When you give someone access to a workspace, they automatically get access to everything inside it — languages, categories, and articles. This automatic flow of permissions is called inheritance, and it helps you avoid assigning access manually at every level.
However, if you want to restrict access to a specific section, you can use Block inheritance. Once enabled, the automatic access from the parent level stops at that point, and only the users or readers you manually add will be able to view that content. This works like locking a room inside a building — even if someone can enter the building, they still need a separate key to access that particular room.
When to use Block inheritance
Use Block inheritance when a specific section of your content needs tighter or different access than the rest.
Common situations:
- An internal category (like "Security Runbooks") lives inside a workspace the whole team can access, but only the security team should see it.
- A section visible to readers is confidential to one customer group, even though the parent category is open to all readers.
- You want to clean up accumulated permissions and start fresh with a specific list.
If none of these apply, leave inheritance on. Blocking it adds complexity and makes permissions harder to manage over time.
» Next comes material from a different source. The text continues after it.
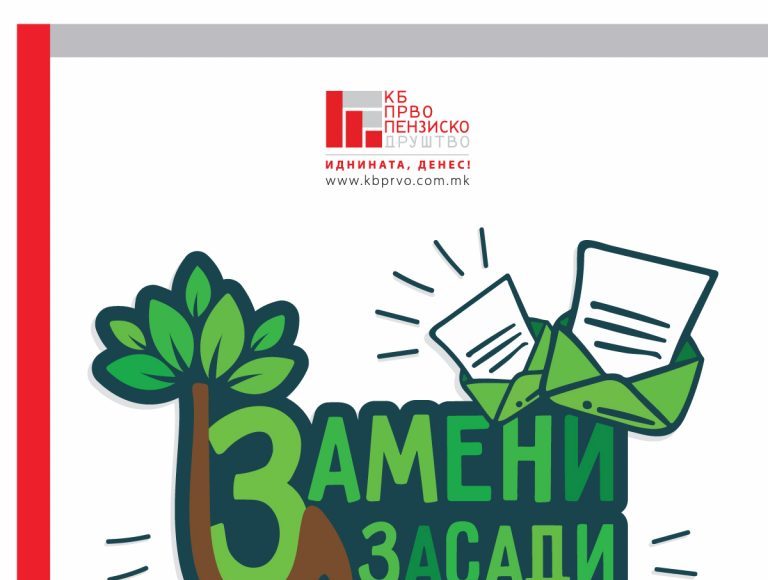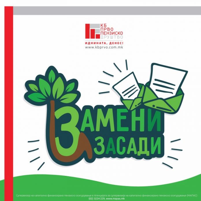 “Повеќе зеленило, почист воздух, подобрување на здравјето на граѓаните, подобрување на микроклимата, зачувување на биолошката разновидност и уште многу други придобивки се впишуваат на листата позитивни ефекти коишто би се случиле во животната средина со засадување на повеќе дрвја. Да придонесеме заедно за поздрава животна средина и почист воздух. Поддржете ја нашата мисија “Замени и засади” и дајте придонес во зачувување и унапредување на животната средина, апелираат од КБ Прво пензиско друштво.

How Block inheritance works
Blocking inheritance works top-down. When you block at a higher level, everything below it is blocked too. The full chain in Document360 is:
Project → Workspace → Language → Category → Subcategory / Article
A block placed at any level cascades to every level below it.
| If you block at... | This also gets blocked |
|---|---|
| Workspace | All languages, categories, and articles inside it |
| Language | All categories and articles inside that language |
| Category | All subcategories and articles inside it |
| Article | Only that article |
Example: If you block inheritance at the Workspace level, no inherited user or reader can access any language, category, or article inside that workspace unless you explicitly add them back.
NOTE
This is important to understand before you turn on the toggle, because the effect is immediate and broad.
Block inheritance works separately for Users and Readers
Blocking inheritance for your users has no effect on your readers. Blocking it for your readers has no effect on your users. They are fully independent — changing one never changes the other.
- Blocking for Users (Portal access): Controls who on your team can access and manage content in the portal. When you block, only the users you manually add retain access.
- Blocking for Readers (Knowledge base site): Controls who can read your published knowledge base. When you block, only the readers or reader groups you explicitly add will see that content on the site.
Articles in this section
| Article | Description |
|---|---|
| Block user and user group access inheritance | Block and allow inheritance for users and user groups at workspace/language and category/article level |
| Block reader and reader group access inheritance | Block and allow inheritance for readers and reader groups at workspace/language and category/article level |
FAQ
What happens to inherited users when I block?
All users who previously had inherited access will immediately lose access to that content and everything under it. They will no longer see it in the portal or on the site unless you add them explicitly.
If you later add new users at the parent level, they also will not automatically get access to the blocked section. You must add them explicitly.
Is the user performing the action automatically selected when blocking inheritance?
Yes, the user performing the action will be automatically selected and cannot be removed.
Can I still add new users after blocking inheritance?
Yes. Blocking inheritance only removes inherited access. You can manually add any user, user group, reader, or reader group at any time after blocking.
Does blocking at one level affect content above it?
No. Blocking only affects the selected level and everything below it. Content at the same level or above is not affected.